There was, Alex saw, quite a crowd around Ab as the seminar broke up. He’d been intending to go over and congratulate him, but he could see that Ab was already a little overwhelmed by all the attention, and that Ali was standing by him protectively. That made him smile. Ali was not Ab’s ‘oppo’, the officially appointed friend assigned to look after newcomers to any Fleet ship, but a genuine friend. He had walked up to Ab just a couple of days out of Therik, plonked down a mug of tea in front of him and declared, ‘I’m a zombie – you’re a weirdo. Reckon we ought to be mates.’ And Ab, once he’d managed to stop laughing, had agreed.
Alex left them to it. He would give Ab a ‘well done’ later, when he was in a position to appreciate it. And Ali, too – though he’d acted as a friend, it was apparent to Alex that he was well on his way back to regaining his petty officer role.
Kate was at work on the command deck when Alex got back there, jumping to her feet with a brisk ‘Sir, good afternoon, sir!’ at the captain’s arrival.
‘As you were, Ms Naos.’ Alex sat down, and smiled thanks to the rigger who signalled willingness to bring him coffee.
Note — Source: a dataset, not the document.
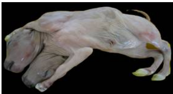
تصویر ۱: تصویر جنین گاو ماده‌ی دی‌سفالوس از نمای شکمی جانبی

در مراجعه به کشتارگاه دام اهواز جهت جمع‌آوری نمونه‌های جنینی، یک مورد جنین گاو ماده‌ی دی‌سفالوس دو رگه هلشتاین مشاهده شد. لذا برای بررسی بیشتر به بخش آناتومی و جنین‌شناسی دانشکده‌ی دامپزشکی دانشگاه شهید چمران اهواز منتقل گردید (تصویر ۱). طول فرق سر تا ریشه‌ی دم ۳ (CRL) به وسیله‌ی متر نواری اندازه‌گیری شد و به ترتیب برای سر سمت چپ ۳۹ و برای سر سمت راست ۳۷ سانتی‌متر ثبت گردید. سپس از جهت وجود دیگر ناهنجاری‌های ظاهری مورد ارزیابی ماکروسکوپی قرار گرفت و به منظور بررسی دقیق‌تر هم از نمونه دو رادیوگراف در نماهای پشتی شکمی و جانبی تهیه شد. پس از تهیه‌ی رادیوگراف‌ها، حفرات سینه و شکم تشریح گردید و نکات قابل توجه یادداشت شده و تصاویر لازم گرفته شد.

Kate was not brought coffee. She was in prep, an aspect of cadet training which Alex had genuinely enjoyed and excelled in. It was the period between the last class of the afternoon and the summons to dinner, an hour and a half in which cadets did preparatory work for forthcoming classes and homework assignments. It was supervised though not taught, with strict rules – no eating or drinking in prep and no talking, either, unless cadets had paired or group exercises. But it was more than just a time to do preparatory study or homework. It was a time management exercise, too, as the workload was supposed to be just achievable if you kept your head down and really put the effort in. And this was the only time you could do this work – no sneakily doing homework in the middle of the night. Even if you wanted to, prep files were locked out other than for this period so anything you didn’t get done in the allowed time would not get done… leaving you to explain to the instructors next day why you hadn’t done the reading for a class or why a homework assignment was incomplete.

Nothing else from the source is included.